Giving Compass' Take:

• Brad R. Fulton argues that employing and empowering leaders of color is even better if a nonprofit is seeking to address racial issues in its own organization and community – as well as in society in general.

• How can philanthropy help encourage racial equity in nonprofit work? 

Here's why racial inequality is bad for business. 


The U.S. is becoming more racially diverse. Since 2010, 96% of all U.S. counties registered an increase in their percentage of nonwhite residents. Yet the people who lead nonprofits in the U.S. remain disproportionately white.

This mismatch can make it difficult for such organizations to understand and address racial inequality in their community and throughout the country.

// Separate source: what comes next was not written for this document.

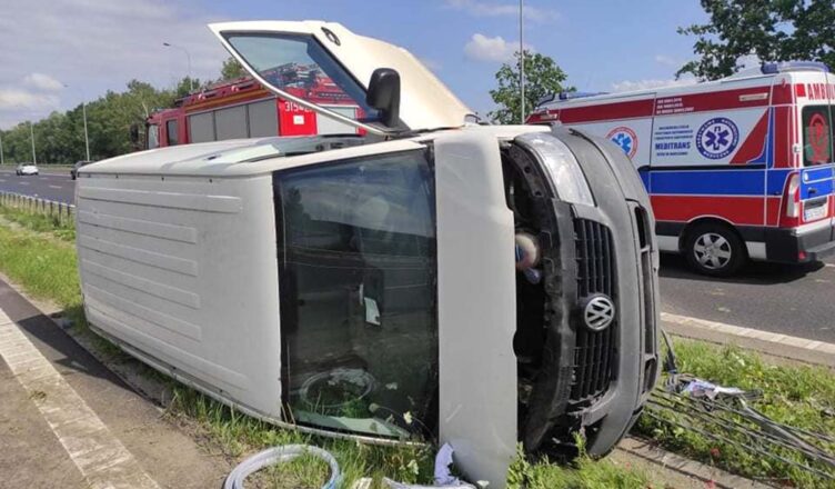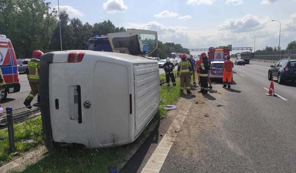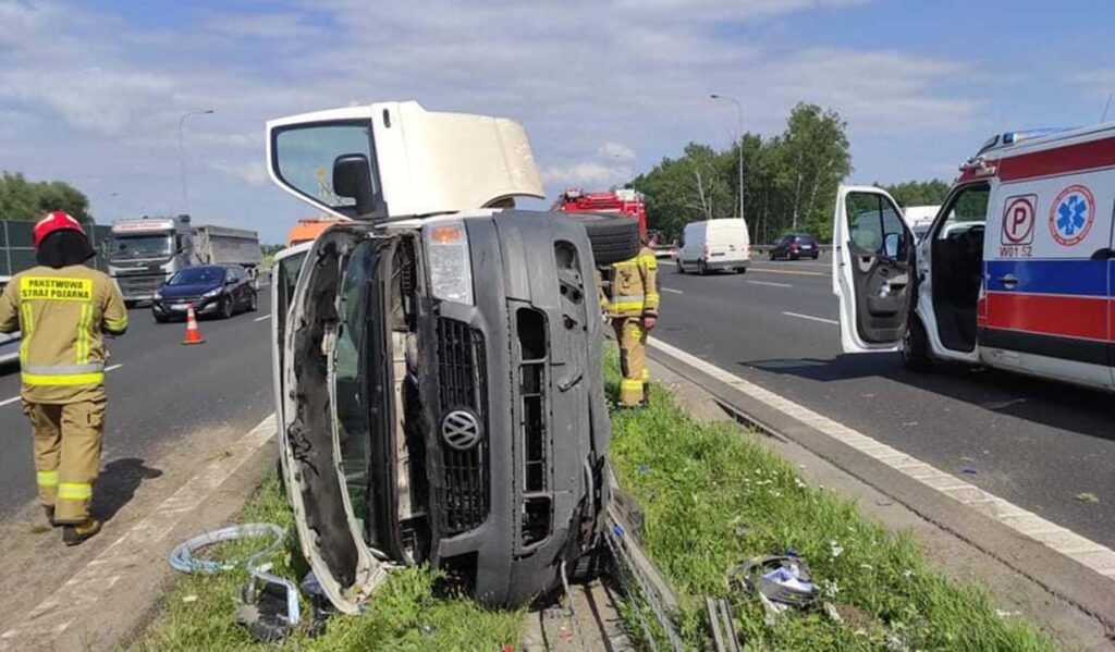 Na trasie S8 bus uderzył w barierki. Wypadek miał miejsce na wysokości Marek w kierunku do Wyszkowa. Bus po zderzeniu wylądował na boku.

As a scholar of diversity, I know most nonprofits want to become more racially diverse. However, many struggle to achieve this goal.

While researchers, funders and community leaders often highlight the dismal levels of racial diversity among nonprofit boards, an even greater disparity often goes overlooked. Not mentioned is the fact that scarcely 10% of nonprofit executive directors are people of color.

A few major nonprofits are led by people of color, such as Darren Walker the president of the Ford Foundation, one of the largest foundations in the country, Claire Babineaux-Fontenot, the CEO of Feeding America, the biggest U.S. group fighting hunger, and Angela Williams the CEO of Easterseals, a nonprofit that provides disability services. But these are exceptions among both large and smaller nonprofits.

What’s more, research suggests that this situation is likely to continue for years to come.